## Data for this exercise
──────────

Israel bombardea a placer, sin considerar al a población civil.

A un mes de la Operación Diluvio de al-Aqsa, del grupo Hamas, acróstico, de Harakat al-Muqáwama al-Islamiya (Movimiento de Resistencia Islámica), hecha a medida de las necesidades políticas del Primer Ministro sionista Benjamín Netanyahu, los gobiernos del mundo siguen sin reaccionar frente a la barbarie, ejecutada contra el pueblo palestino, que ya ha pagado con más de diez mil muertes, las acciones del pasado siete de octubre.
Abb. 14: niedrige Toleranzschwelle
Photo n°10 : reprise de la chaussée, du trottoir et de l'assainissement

──────────

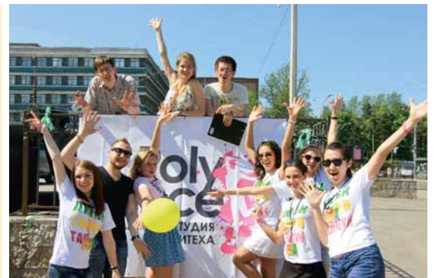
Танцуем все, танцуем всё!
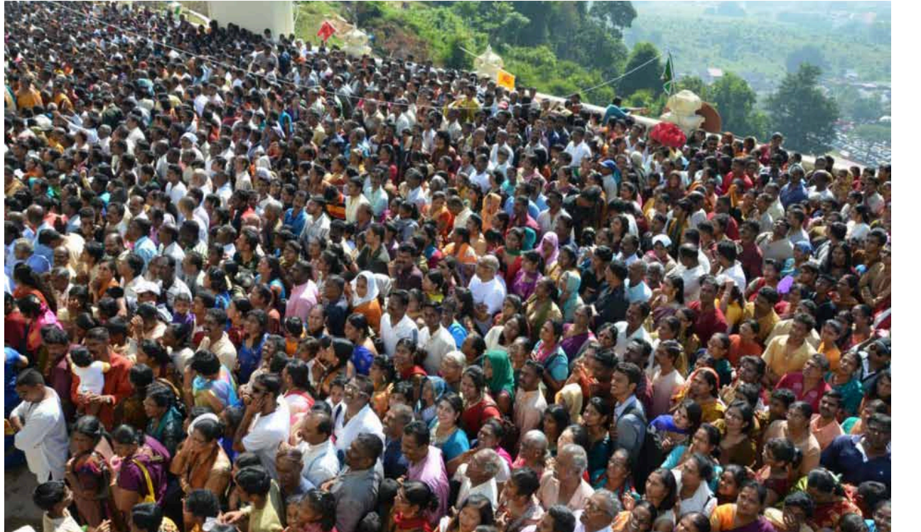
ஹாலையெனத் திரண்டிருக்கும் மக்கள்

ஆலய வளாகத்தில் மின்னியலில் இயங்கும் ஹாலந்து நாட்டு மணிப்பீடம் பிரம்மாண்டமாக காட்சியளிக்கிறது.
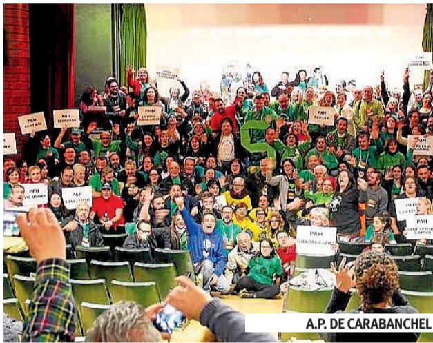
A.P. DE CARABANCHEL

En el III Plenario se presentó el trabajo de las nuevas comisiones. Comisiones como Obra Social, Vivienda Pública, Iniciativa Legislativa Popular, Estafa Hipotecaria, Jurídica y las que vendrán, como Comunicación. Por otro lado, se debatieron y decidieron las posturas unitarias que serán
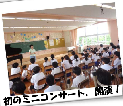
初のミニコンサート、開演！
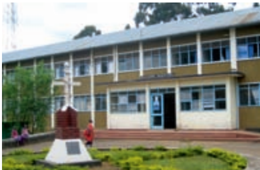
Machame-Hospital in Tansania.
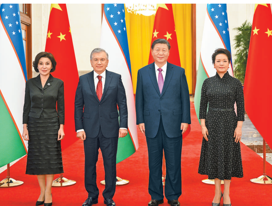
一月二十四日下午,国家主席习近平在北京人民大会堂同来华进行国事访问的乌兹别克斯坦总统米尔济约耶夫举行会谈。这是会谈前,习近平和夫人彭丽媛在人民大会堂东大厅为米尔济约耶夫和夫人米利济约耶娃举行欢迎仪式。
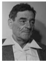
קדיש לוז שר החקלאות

──────────

Word for word, write out the lines above running from the one with "一月二十四日下午,国家主席习" up to and including the one with "קדיש לוז שר החקלאות". Drop any picture.

## Response to the task
一月二十四日下午,国家主席习近平在北京人民大会堂同来华进行国事访问的乌兹别克斯坦总统米尔济约耶夫举行会谈。这是会谈前,习近平和夫人彭丽媛在人民大会堂东大厅为米尔济约耶夫和夫人米利济约耶娃举行欢迎仪式。
קדיש לוז שר החקלאות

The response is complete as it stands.